In the series, "Worth Pitching?" I'll describe research I've come across in the course of science journalism and discuss what goes into pitching a story on it or not.

As a science journalist, I blaze through hundreds of press releases and science papers daily, looking for stories that might intrigue my readers. All research may be worthwhile, but what might the general public want to read about?

Keep in mind that what each science reporter likes to write about can be idiosyncratic, so my choices might not be the choices another science reporter or you would make. Also, it bears saying — whether I pitch a story or not isn't a judgment on whether I think the research is worthwhile, since my hope is that all research moves human knowledge forward. I'm focused on whether whatever audience I write for might be interested in reading about it.

The major journals science reporters often comb through for stories include Science, Nature and the Proceedings of the National Academy of Sciences. One paper I ran across in PNAS was this paper, "Flat tori in three-dimensional space and convex integration."

Now math is hard to pitch for a number of reasons. The general public wants stories about research it can relate to, and higher math can be too abstract for that. Also, there aren't that many journalists who know higher math — if science reporters have science training, it's usually in the life sciences — so if reporters or editors don't understand the work, you can't imagine they would run a story on it.

But this story has a number of things going for it. For one thing, it has stunning visuals:

Images like that help overcome reticence lay readers might have toward subjects they feel they might not understand. They want to learn more about something that looks intriguing.

Most importantly, the researchers explain that what they did is visualize what once was thought impossible to visualize. That gives this story a narrative to follow, and a very compelling one at that — one with a goal to reach, an obstacle to overcome, and a beginning, middle and end. It also employs the word "impossible," which is a draw to readers in general.

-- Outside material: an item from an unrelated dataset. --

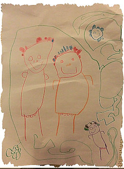 こんにちは。今朝の ごちそうさん、号泣でした。いきなりですが、ドーン 画伯の描いた絵 ちょっと寄りまーす何かとツボが多くて・・・私の大好きな1枚です。ご想像はいろいろかもしれませんがこれ、ママとママのお友達の●●ちゃん ですって。これ、スカートなんですって。 画伯登場カンケンミニのフロストグリーンを値札付けたまま家の中でしょってます。ケロスケ、いえ、画伯にはちょっと小っちゃめでした。ちなみに、手に持ってるブツのことは「ミネコン」ふつうに「ミネコン取って」と言います上の絵に居る、UFOみたいなのに乗ってるのが妹のケロ子だそうです。私には ポニョ にしか見えません・・・けっこう、面白い絵が多いんです、ケロさん。くーっ(><)っと腹が立つことがあった時など、ケロスケの絵を見ると和むので、冷蔵庫に貼ってます^-^【きになる】 Veritecoeur 左 Loint's 15%OFF 20,527円●おてごろ品より 4,980円 送込1,999円 2,680円 送込7,140円TOPページ や公開ブックマーク→ 随時更新中です♪ご訪問のしるしに 応援クリックいただけると嬉しいです。いつもありがとうございます。

Another factor is that the mathematicians wrote a lay friendly explanation of what they did, helping reporters write a story that editors and readers can understand. (This served as the basis of a press release.)

Finally, the audience in question plays a key role. Every news outlet has a different audience, and what might play well for one might turn out poorly for others. I recently did some work for io9, whose editor explained to me that math stories were actually quite popular with them. Their readers apparently like the sense of wonder that can come with a good math story, and the feeling that they might get a chance at understanding something they might not ordinarily.

So that's how that research became my story "The Bizarre Object We Believed Was Impossible to Visualize". I quite liked it, and it's turned out to be popular so far, with more than 35,000 pageviews and nearly 80 comments to date.